[Stored items from a collection]
BEGIN

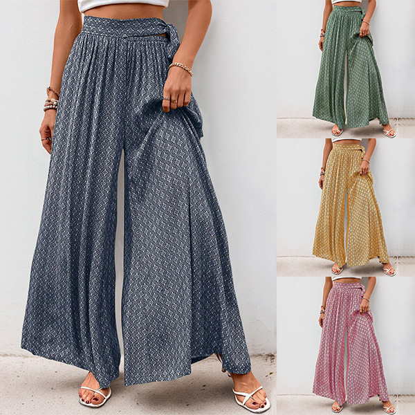 Bohemisk Stil Mönstrade Högmidjade Vida Byxor med Självknuten Midja
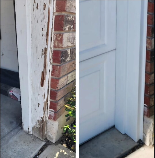 One of the most important steps happens before the metal is installed. If the wood beneath the trim is damaged, it’s repaired or replaced first. “We would replace whatever has rotted,” O.P. said. “We wouldn’t want to wrap that.”
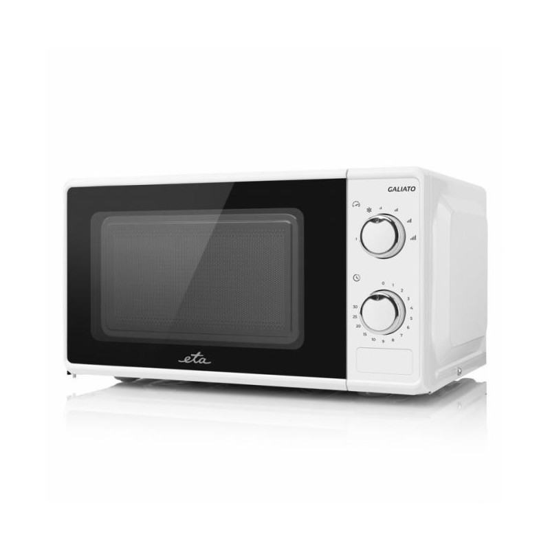 The ETA Galiato microwave ovenis distinguished by its simplemechanical controlandmodern design.You have6 power levels,the highest of which reachesup to 700 W.The defrostfunction,in turn, will help you prepare food from the freezer faster.
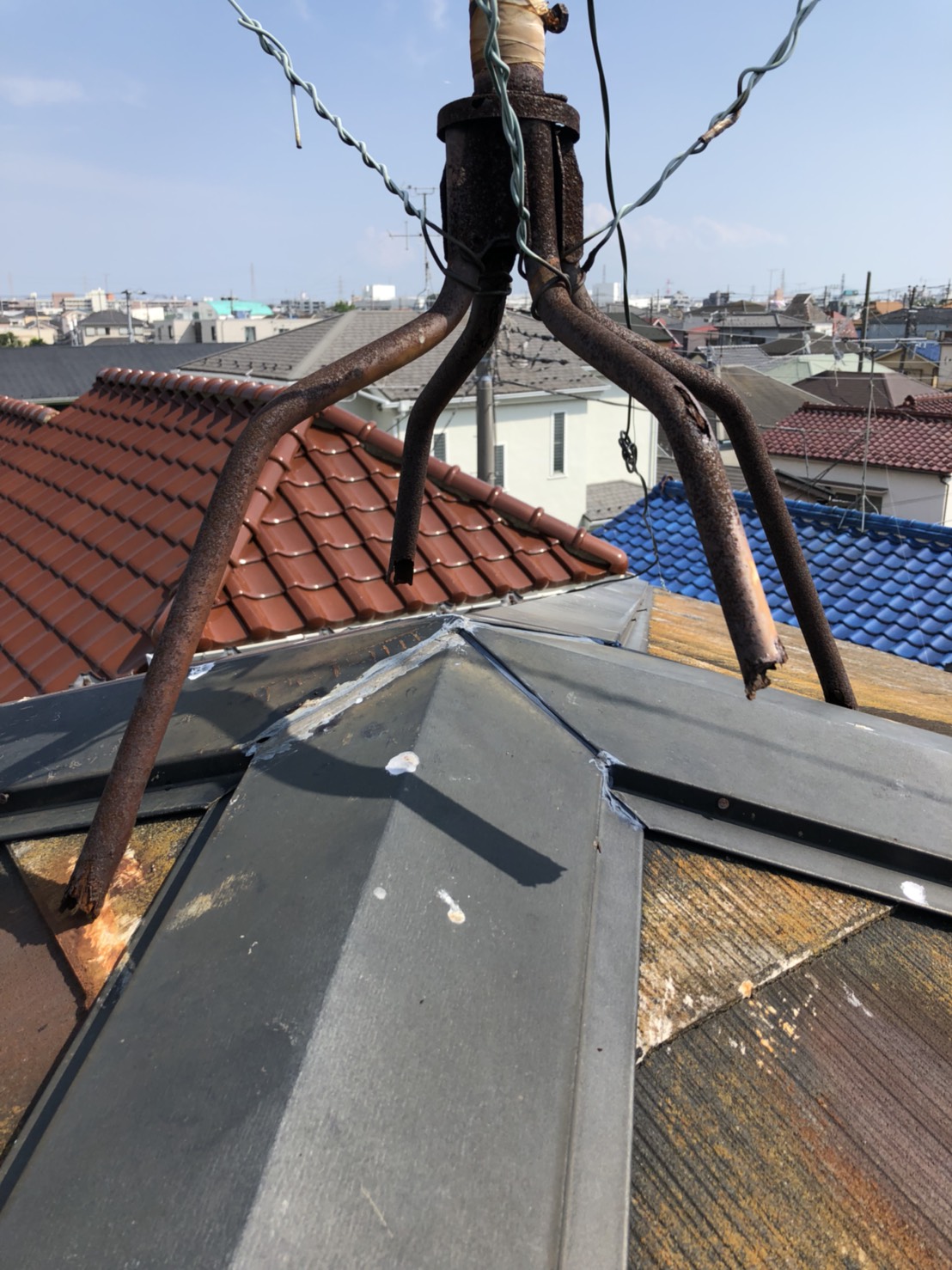 →アンテナ内に水が入っている確認が高く、流れ出た水を踏んでしまうと転んで、屋根上から落下してしまう危険があるため⚡
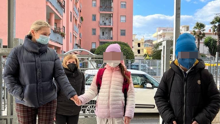 “Stamattina l’emozione, la commozione, il desiderio di andare avanti, il timore di un gesto sbagliato e poi l’attesa, e poi l’ingresso. E decine di sguardi accoglienti, fieri e luccicanti si sono incrociati. Non abbiamo avuto bisogno di parole, il linguaggio si esprime in mille forme: un applauso sonoro e un “picchetto d’onore” ha accompagnato nel loro ingresso a scuola, al plesso Don Milani dell’ IC Omero-Mazzini-Don Milani, Dmitry e Viktoriia. Dall’orrore di una guerra che sparge morte e devastazione ovunque, al timido sorriso di due bambini che ci insegnano la dignità, trasmettendo un messaggio di speranza di cui tutti abbiamo bisogno”.

END

**How to complete this task:** Set down exactly, and only, the lines from the one holding "The ETA Galiato" to the end of the records above, leaving every picture out.

**Result of this exercise:**
 The ETA Galiato microwave ovenis distinguished by its simplemechanical controlandmodern design.You have6 power levels,the highest of which reachesup to 700 W.The defrostfunction,in turn, will help you prepare food from the freezer faster.
 →アンテナ内に水が入っている確認が高く、流れ出た水を踏んでしまうと転んで、屋根上から落下してしまう危険があるため⚡
 “Stamattina l’emozione, la commozione, il desiderio di andare avanti, il timore di un gesto sbagliato e poi l’attesa, e poi l’ingresso. E decine di sguardi accoglienti, fieri e luccicanti si sono incrociati. Non abbiamo avuto bisogno di parole, il linguaggio si esprime in mille forme: un applauso sonoro e un “picchetto d’onore” ha accompagnato nel loro ingresso a scuola, al plesso Don Milani dell’ IC Omero-Mazzini-Don Milani, Dmitry e Viktoriia. Dall’orrore di una guerra che sparge morte e devastazione ovunque, al timido sorriso di due bambini che ci insegnano la dignità, trasmettendo un messaggio di speranza di cui tutti abbiamo bisogno”.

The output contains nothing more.